Help Your Child By Taking Care of Your ADHD First
Helping your children when they have ADHD to be better organized in their daily lives can be a challenge for any parent—but it’s magnified when you’re also a parent who has ADHD. And when one quarter to one half of all parents of children with ADHD have an ADHD diagnosis themselves, it’s a significant issue.
“When a child is diagnosed, one of the first things that is recommended is behavioral treatment at home and at school, and organizational interventions, to really try to engineer the type of environment that’s going to help the child be as successful as possible,” says Andrea Chronis-Tuscano, PhD, professor of psychology and director of the Maryland ADHD Program at the University of Maryland at College Park and a member of CHADD’s Professional Advisory Board.

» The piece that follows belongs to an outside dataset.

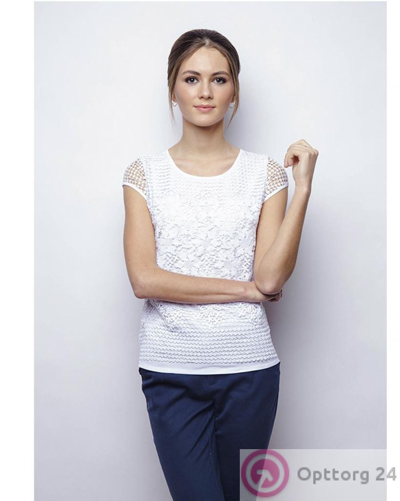 Неробыкновенно нарядная белая блузка с облегающим силуэтом. Спереди модель украшена узорчатой гипюровой тканью. Короткие рукава выполнены из тонкого кружева.

“That involves a great deal of effort on the part of the parents and school really trying to create a highly structured, predictable, consistent environment for the kids so that they know exactly what to expect,” she says. “There’s a lot of scaffolding from the parents and teachers to provide organization and really model for the kids how to be organized and successful.”
Being an engaged parent and providing a structured home environment are two of the most important elements in your child’s success over time, Dr. Chronis-Tuscano says. Scaffolding—when a parent or teacher demonstrates to a child how to do something and then stands back, ready to offer help only when it’s needed and requested—is an essential part of helping children master organization skills. But when parents struggle with the same ADHD issues of forgetfulness and organization, they may not be prepared to provide that level of support to their children.
“We know that how the environment is structured can either support the child’s development in a positive direction, or it can contribute in negative ways that can lead to worse impairment or the development of co-occurring problems, and can contribute to the child having even more difficulty,” Dr. Chronis-Tuscano says.
But when providing structure is made difficult by your own ADHD symptoms, what can you do to meet this need for scaffolding?
Treatment for parents and children
When an adult has an ADHD diagnosis, treatment can include medication management, cognitive behavioral therapy (CBT), and education about ADHD and lifestyle support. When you’re a parent of a child with ADHD, it is perhaps even more important that you work closely with a professional to follow through with treatment.
You’ve heard the airline safety reminder to put your own oxygen mask on before helping your child with his or hers. Dr. Chronis-Tuscano says providing parents with their own ADHD treatment and encouraging them to be consistent—putting on their own masks first—is key to their functioning at their best and helping to building the needed scaffolding for their children.
“If the parent’s ADHD isn’t treated, then they sure as heck can’t help their kids be organized, and structured, and do their best with their schoolwork,” she says. In a review of studies, Parent ADHD and Evidence-Based Treatment for Their Children: Review and Directions for Future Research, Dr. Chronis-Tuscano and her colleagues found that some combination of medication, CBT, and parent-child therapy is best, noting it is essential that mental health professionals tailor treatment to the individual adult, rather than take a “one size fits all” approach. That can include receiving treatment for substance abuse and depression, along with other mental health disorders, that are so often co-occurs with ADHD in adults.
Thriving parent, thriving child
As a parent with ADHD, you might struggle to schedule your child’s doctors’ appointments, get medication refilled, and give that medication to your child on a schedule. Admitting that it can be tricky helping parents navigate that routine, Dr. Chronis-Tuscano says avoiding parent blaming while engaging in candid conversations is the best way for mental health professionals to help parents move forward. Even though it’s been disproven, the idea that they could be responsible in some way for mental health conditions—ranging from autism to schizophrenia and including ADHD—is something some parents cling to, and it’s important to reinforce the fact that they are not.
“We’re way past that,” Dr. Chronis-Tuscano says. “We know that ADHD is a neurodevelopmental disorder, and we know that there are genetic causes, and we know there are neurobiological causes.”
Combining treatment options and psychoeducation is the best approach to giving parents the tools they need, but doing so can also create new issues, she says.
Dr. Chronis-Tuscano says she would tell a parent, “One of the things that we want to do is to take a broader, more comprehensive approach to your child’s care that includes a focus on helping you with your ADHD, which might include medication or cognitive behavioral therapy, teaching you various ways to address some executive functioning difficulties that might make parenting more challenging for you.”
But, she would add, success would also mean you might grow to understand your child and your shared struggles on a deeper, more meaningful level.